🤖 AI Summary
This work studies the convergence of stochastic gradient descent (SGD) for locally strongly convex, subquadratic-tailed objective functions—such as the Huber loss—arising in online robust and quantile regression, where the loss is first-order differentiable but not twice differentiable. We introduce a novel piecewise Lyapunov function framework, enabling the first geometric convergence analysis for merely once-differentiable objectives. Under constant step sizes, we establish weak convergence, a central limit theorem, and finite-sample bias bounds; under decaying step sizes, we derive unified finite-time convergence rates. Key theoretical advances include: (i) consistency of quantile regression without assuming continuity of the conditional density—a long-standing requirement—and (ii) robustness to heavy-tailed noise and subexponential covariates. These results substantially strengthen theoretical foundations and broaden practical applicability for robust statistical learning.
📝 Abstract
Motivated by robust and quantile regression problems, {we investigate the stochastic gradient descent (SGD) algorithm} for minimizing an objective function $f$ that is locally strongly convex with a sub--quadratic tail.
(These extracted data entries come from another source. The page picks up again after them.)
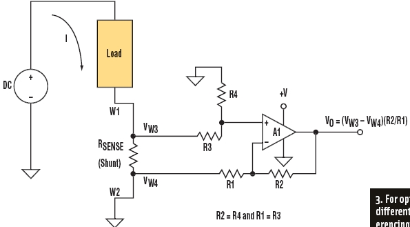 為避免引入這樣的誤差,需要進一步增加兩個措施:采用開爾文連接方式與分流電阻相連并加入一個差分輸入放大器。開爾文連接是一種帶有兩條激勵引線和兩條傳感引線的4線連接(圖2)。其中兩條線(W1和W2)是激勵引線,它們將分流電阻連接到該電路的大電流端。另外兩條線(W3和W4)為傳感引線,它們將分流電阻兩端的電壓連接到放大器。這個方式將攜帶負載電流的導線與測量電路分離開來,并把W1和W2中的電壓降從分流電阻兩端的電壓測量中清除。為了進一步有效利用開爾文連接的優(yōu)點,還需加入一個差分放大器(如圖3)。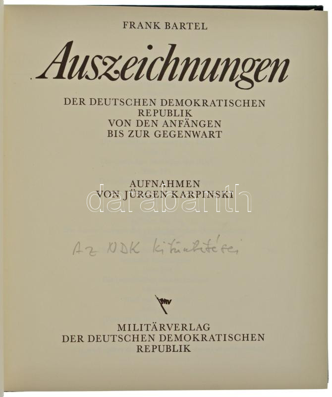 Frank Bartel: Auszeichnungen der Deutschen Demokratischen Republik von den anfängen bis zur gegenwart (A Német Demokratikus Köztársaság kitüntetései a kezdetektől napjainkig). Militärverlag der DDR, Berlin, 1979. Német nyelvű, az NDK kitüntetéseit bemutató könyv, gazdag illusztrációval. Használt, alapvetően jó állapotban, a gerincén egy nagyobb sérüléssel.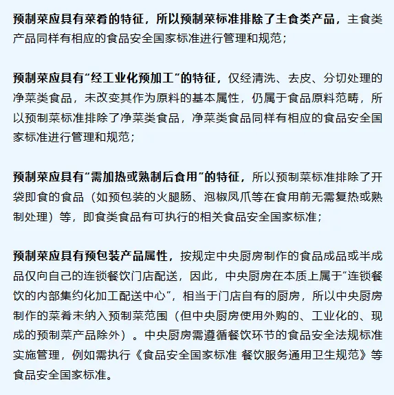 标准起草专家解释说,中央厨房配送至自有门店的菜肴,被视为餐饮环节的延伸,应该按照餐饮相关标准来管理。只有使用外购的、现成的预制菜产品,才属于预制菜范畴。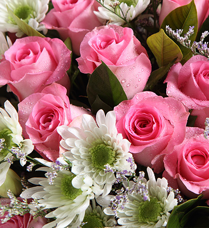 苏醒玫瑰19枝,粉色桔梗2枝,白色小菊4枝,情人草5枝,栀子叶5枝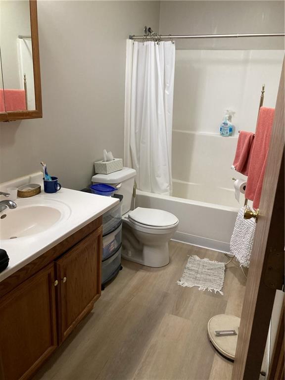 Full bathroom featuring vanity, light wood-type flooring, and shower / bath combination with curtain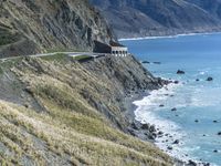 Driving along the Pacific Coast Highway in California, USA, the clear blue sky frames the stunning view of the coastal terrain, a combination of cliffs, promontories, headlands, and mountain peaks overlooking the ocean and sea below.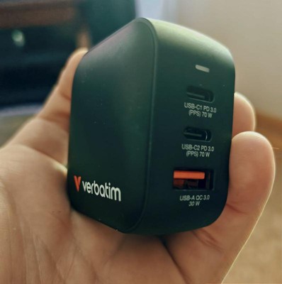 [This review was collected as part of a promotion.] We tried the Verbatim Mini GaN 3 Port Charger. This charger has 2 USB-C ports and 1 USB-A port meaning we can charge three devices at the same time! We love to bring this charger on road trips so we can all charge our phones and/or laptops at the same time. The prongs are retractable so this charger is compact and easy to pack and with a 70W output, my husband says it charges his phone much faster than chargers he’s used in the past. This is a great product!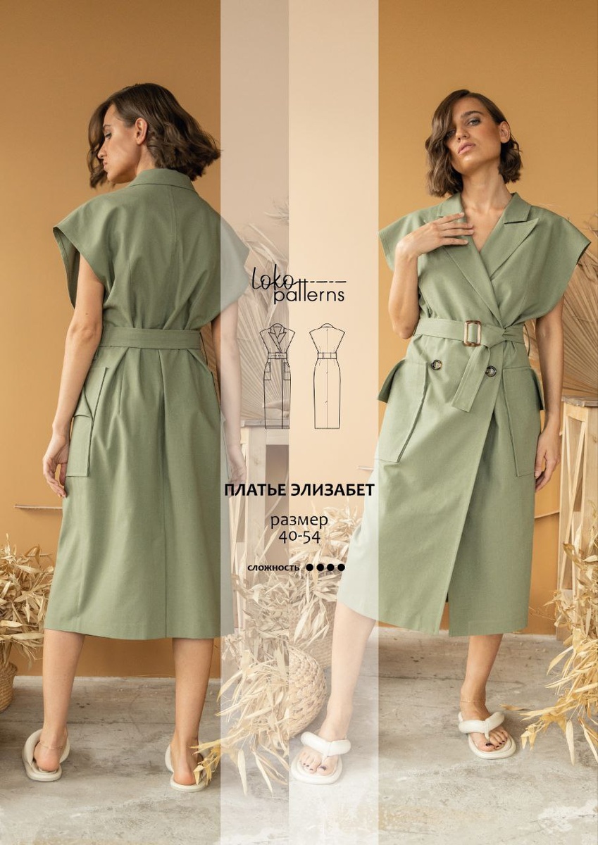Выкройка платья сафари «Элизабет». Это платье можно носить с водолазкой или футболкой «Сиэтл»🔥. Также можно сделать укороченный вариант и сочетать его с юбкой. Благодаря глубокой пройме, будет удобно носить жилет или платье-пиджак с водолазками. Платье приталенного силуэта, заужено книзу в стиле «сафари». Двубортная застёжка на пуговицы, отложные лацканы и воротник пиджачного покроя. Спущенное плечо, углублённая пройма. Широкий пояс на пряжке на талии. Накладные карманы с цельновыкроенными клапанами. Отделочные строчки по краям бортов, воротника, пройм, карманов и пояса. Прибавки к ОГ: 8 см. Прибавки к ОБ: 6 см. Для пошива рекомендуем использовать натуральные ткани:;лён, сатин, деним, хлопок, замша, кожа, холщовая. Выкройка дана на рост 170. Расход ткани: при ширине 150 см — от 1,2 до 2,6 м. В модели нет сложных элементов и молний, но много отделочных строчек. Самый сложный элемент — лацканы. Для заказа переходи по ссылке lokopatterns.ru/product/el... lokopatterns.ru/product/e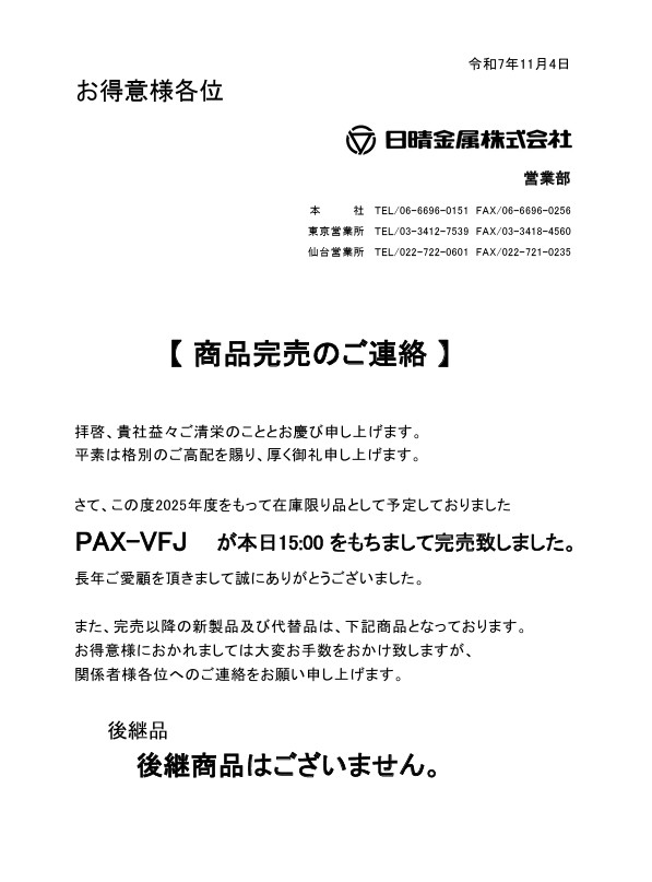 - 2025-11-04【商品完売のご連絡】パラボラキヤッチャー PAX-VFJ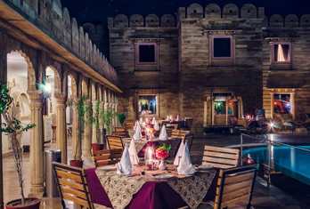 Fort Rajwada, Jaisalmer — a well-established heritage luxury hotel in the desert city of Jaisalmer:

This setting covers many widely used online statistical methods. We introduce a novel piecewise Lyapunov function that enables us to handle functions $f$ with only first-order differentiability, which includes a wide range of popular loss functions such as Huber loss. Leveraging our proposed Lyapunov function, we derive finite-time moment bounds under general diminishing stepsizes, as well as constant stepsizes. We further establish the weak convergence, central limit theorem and bias characterization under constant stepsize, providing the first geometrical convergence result for sub--quadratic SGD. Our results have wide applications, especially in online statistical methods. In particular, we discuss two applications of our results. 1) Online robust regression: We consider a corrupted linear model with sub--exponential covariates and heavy--tailed noise. Our analysis provides convergence rates comparable to those for corrupted models with Gaussian covariates and noise. 2) Online quantile regression: Importantly, our results relax the common assumption in prior work that the conditional density is continuous and provide a more fine-grained analysis for the moment bounds.